Parameter Extraction Node
Definition
The Parameter Extraction node uses an LLM to infer and extract structured parameters from natural language. It converts unstructured user input into standardized data formats required by tool calls, HTTP requests, or downstream nodes.

Configuration
Basic Settings
| Setting | Description |
|---|---|
| Model | Select the LLM for inference. A stronger model improves extraction accuracy |
| Input Variable | The text to extract from — typically user input or an upstream node's output. Supports file variables |
| Extraction Parameters | Parameters to extract; must be added manually with their types (see below) |
| Inference Mode | Controls how the model extracts parameters (see below) |
| Parameter List | Define the name, type, and description of each parameter to extract |
| Instructions (optional) | Additional rules or special requirements to help the model extract more accurately |
Parameter Definition
Each parameter requires the following fields:
| Field | Description |
|---|---|
| Parameter Name | The variable name after extraction; referenced by downstream nodes |
| Parameter Type | Supports String, Number, Boolean, Array, Object |
| Description | Explanation of the parameter's meaning — clearer descriptions improve accuracy |
| Required | If marked required, the node returns an error when the model cannot extract this parameter |

Inference Modes
Function Calling Mode
Uses the model's native Function/Tool Calling capability. Parameter definitions are converted to tool descriptions, and the model outputs structured JSON directly.

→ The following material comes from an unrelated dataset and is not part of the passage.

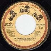 "Writing's on the Wall" is a song by English musician George Harrison from his 1981 album Somewhere in England. The song was also the B-side of the album's lead single, "All Those Years Ago", which Harrison wrote as a tribute to his former Beatles bandmate John Lennon. In his lyrics, Harrison sings of the transient nature of life and the need to recognise a spiritual purpose. Although the song was written long before Lennon's murder in New York in December 1980, the lyrics' reference to how easily friends can be shot down and killed led listeners to interpret it as a further comment on Lennon's death.

- Pros: Stable output format, reliable parsing
- Best for: Models that support Function/Tool Calling (e.g., GPT-4, Claude)
Prompt Mode
Constructs a prompt to guide the model to output parameters as text, which the system then parses into structured data.
- Pros: Compatible with models that don't support Function/Tool Calling
- Best for: Open-source models or models with limited capabilities
Recommendation: Use Function Calling mode first for more stable output. If the selected model doesn't support it, the system will automatically fall back to Prompt mode.
Output Variables
After execution, each defined parameter is output as an independent variable that can be referenced directly by downstream nodes.

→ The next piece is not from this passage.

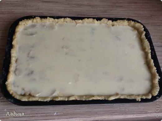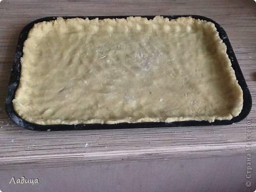 Тесто распределить по противню, обязательно оставьте бортики.

For example, with these parameters defined:
| Parameter | Type | Example Value |
|---|---|---|
city | String | "Beijing" |
date | String | "2026-03-24" |
adult_count | Number | 2 |
Downstream nodes reference them as { ParameterExtractionNode.city }, { ParameterExtractionNode.date }, etc.
Typical Use Cases
Extract Parameters for Tool Calls
When a user describes a need in natural language, the Parameter Extraction node automatically identifies and extracts the parameters required by a tool node.
Example: User input: "Check the weather in Beijing the day after tomorrow"
Extracted:
city→Beijingdate→2026-03-26
Results are passed directly to a weather query tool node.

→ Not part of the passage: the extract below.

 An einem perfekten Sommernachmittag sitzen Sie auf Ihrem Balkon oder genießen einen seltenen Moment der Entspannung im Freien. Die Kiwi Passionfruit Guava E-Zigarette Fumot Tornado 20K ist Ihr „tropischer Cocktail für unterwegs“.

Extract Token and Dynamic Parameters for HTTP Requests
When calling an authenticated HTTP API, the Parameter Extraction node can extract the token and business parameters from upstream context and pass them to the HTTP Request node's headers or body.
Example: Upstream node returns:
Authorization: Bearer eyJhbGciOiJIUzI1NiJ9.xxx
User ID: 10086
Action: Query BillConfigure extraction:
| Parameter | Type | Description |
|---|---|---|
token | String | Bearer token for authentication |
user_id | String | User unique identifier |
action | String | Requested operation type |
Convert Natural Language to Arrays for Iteration
When a user lists multiple items in natural language (e.g., "Translate these three paragraphs: ..."), the Parameter Extraction node can identify and extract them as an array for a Task Loop node.
Example: User input: "Please summarize the following three articles: [Article A], [Article B], [Article C]"
Extracted:
| Parameter | Type | Description |
|---|---|---|
articles | Array | List of articles to summarize |
Result ["Article A content", "Article B content", "Article C content"] is passed directly to the Task Loop node.
Tips for Better Accuracy
- Be specific in descriptions — Include format, units, or example values
- Mark only essential parameters as required — Allow optional parameters to be empty
- Add instructions to constrain edge cases — e.g., "Convert all dates to YYYY-MM-DD format"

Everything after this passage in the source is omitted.